Tag: Mother

How Long Will This Last?

This morning, I woke up in tears because of a disturbing dream I had. As with all dreams, it’s fading quickly, but what I do remember of it is that we had organised my mother’s birthday party. She looked like she did before she got ill, radiant and beautiful, but we did know that this was going to be her last year, so we had made it a grand affair. Everyone came, from near and far, and I was mostly dealing with all the drama that would occur if ever such an event were to happen. Especially my mother’s side of the family have a tendency to be volatile and explosive and any party that doesn’t end in police because someone drove a car through the front of a building, well, that’s a really tame party to begin with.

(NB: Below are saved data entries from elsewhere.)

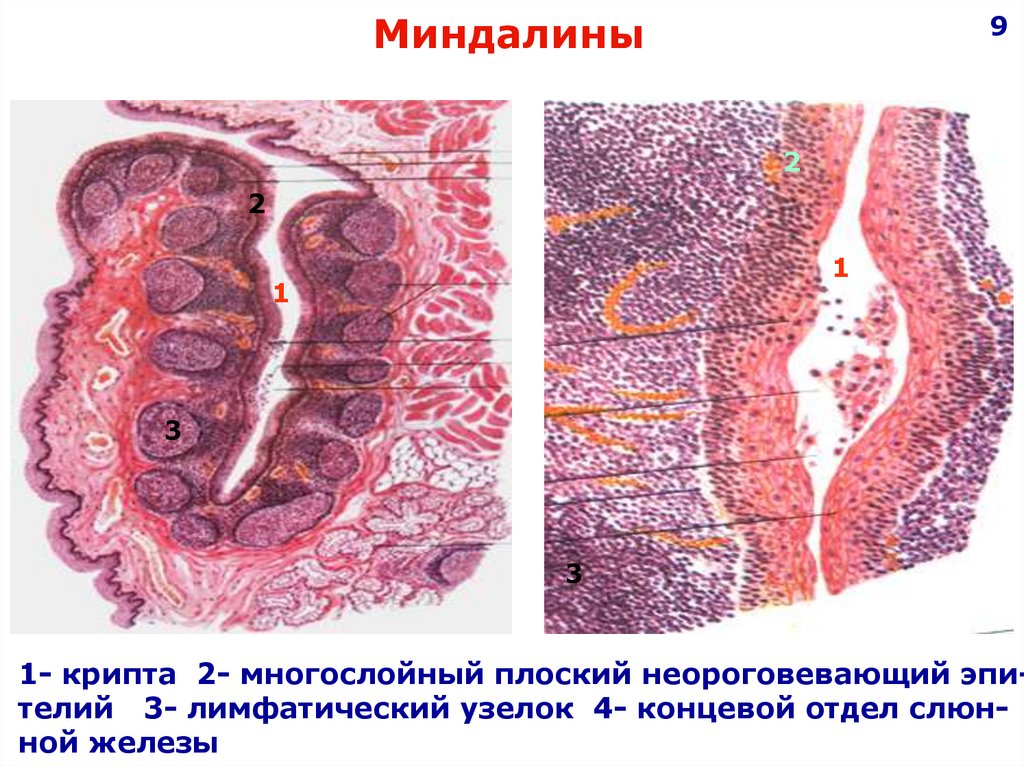 9. Передний отдел пищеварительной трубки (Ротовая полость с ее производными (губа, щеки, язык, зубы, небо, миндалины и слюнные
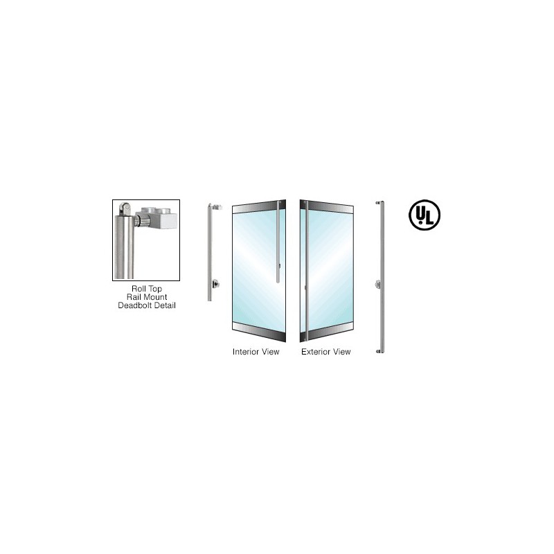 The locking mechanism is concealed within the vertical tubing of our Deadbolt Handles, providing easy access through a variety of keying options. An optional Top Latch Roller Bolt allows the use of Electronic Strikes for controlled entry systems. For additional information, contact our Technical Sales Department.
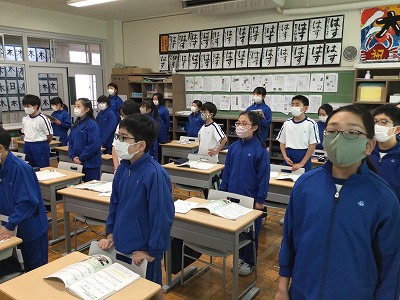 朝根っこタイムには、音読を行います。4年生では、6年生ありがとうの会で音読を発表をすることに決まりました。
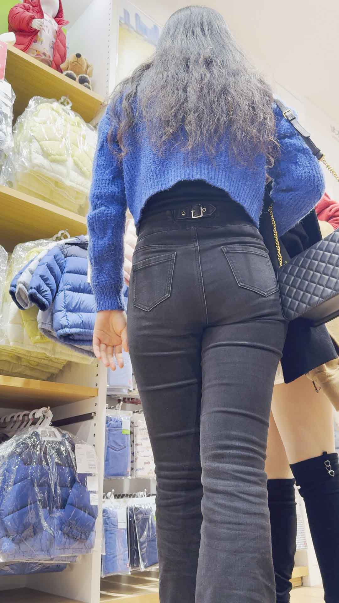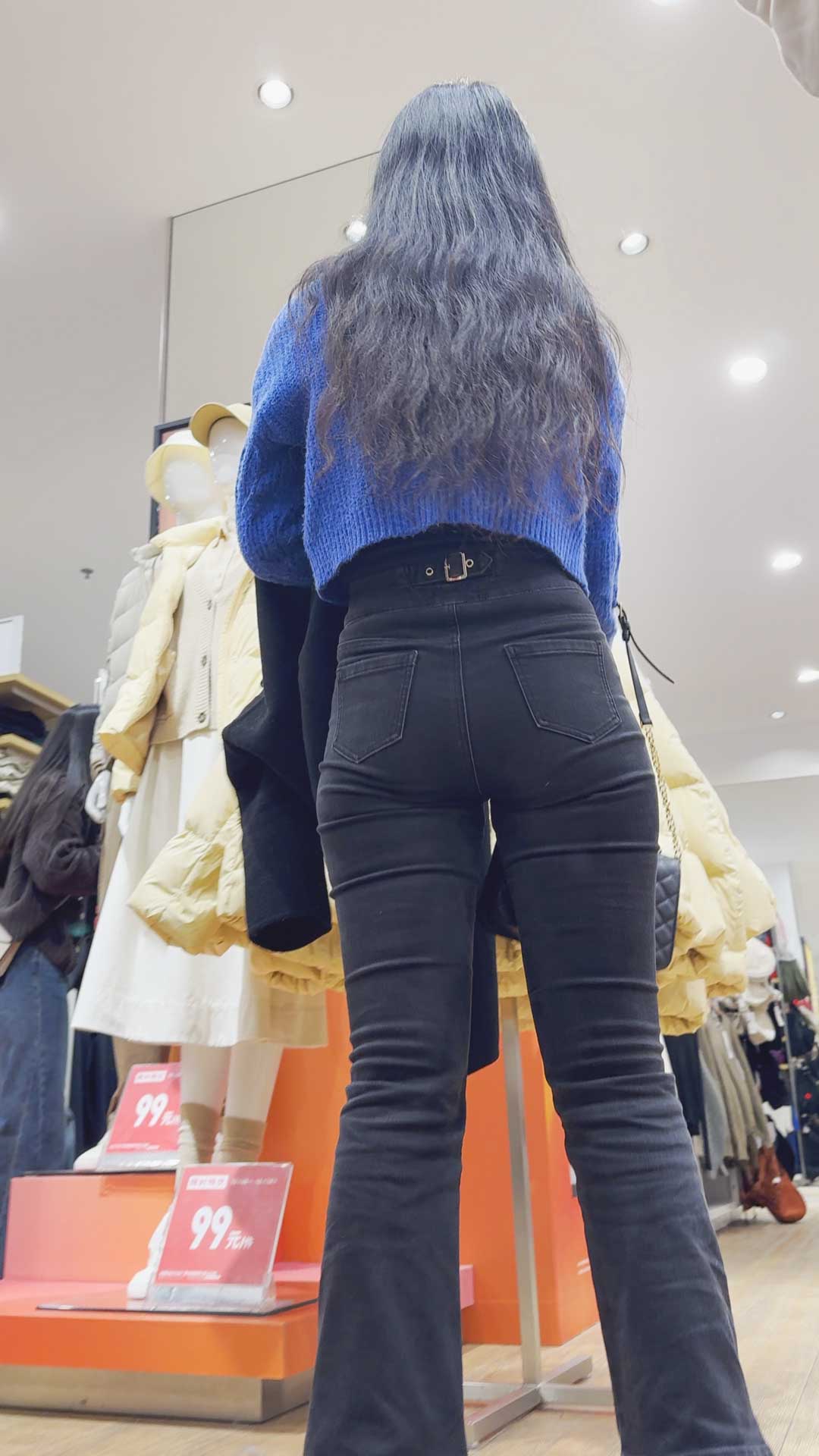 B606紧身牛仔裤勾勒出火辣身姿

At one point, near dawn, when a lot of people had already left for home, we noticed that my mother wasn’t there anymore. I went looking but couldn’t find her anywhere. She was simply gone. I suspected that she may have skipped out early because she thought the agony would be less. Kind of like when a doctor wants to set a bone and asks you to count to three, then sets the bone at the count of one. I don’t know, but I know that I felt very sad when I woke up.

I wonder how long this will last. It’s been years since she died and while things are getting easier, these strange dreams keep coming occasionally. I will likely never let go of the sadness, carrying it with me as proof of my love for her, but the burden of sadness has become easier to bear over time. Maybe this is a permanent addition to my life. Pleasant dreams with a sour ending to fill the void that her pleasant life (with a sour ending) left behind.

Smarter Mother

When my mother passed away in Italy on July 29th, 2008, she left behind a pretty comprehensive list of demands regarding her cremation. We had talked about it quite a bit throughout her illness and when she finally succumbed at 15:00 exactly, the only thing that was difficult was arranging for the repatriation of her body to the Netherlands.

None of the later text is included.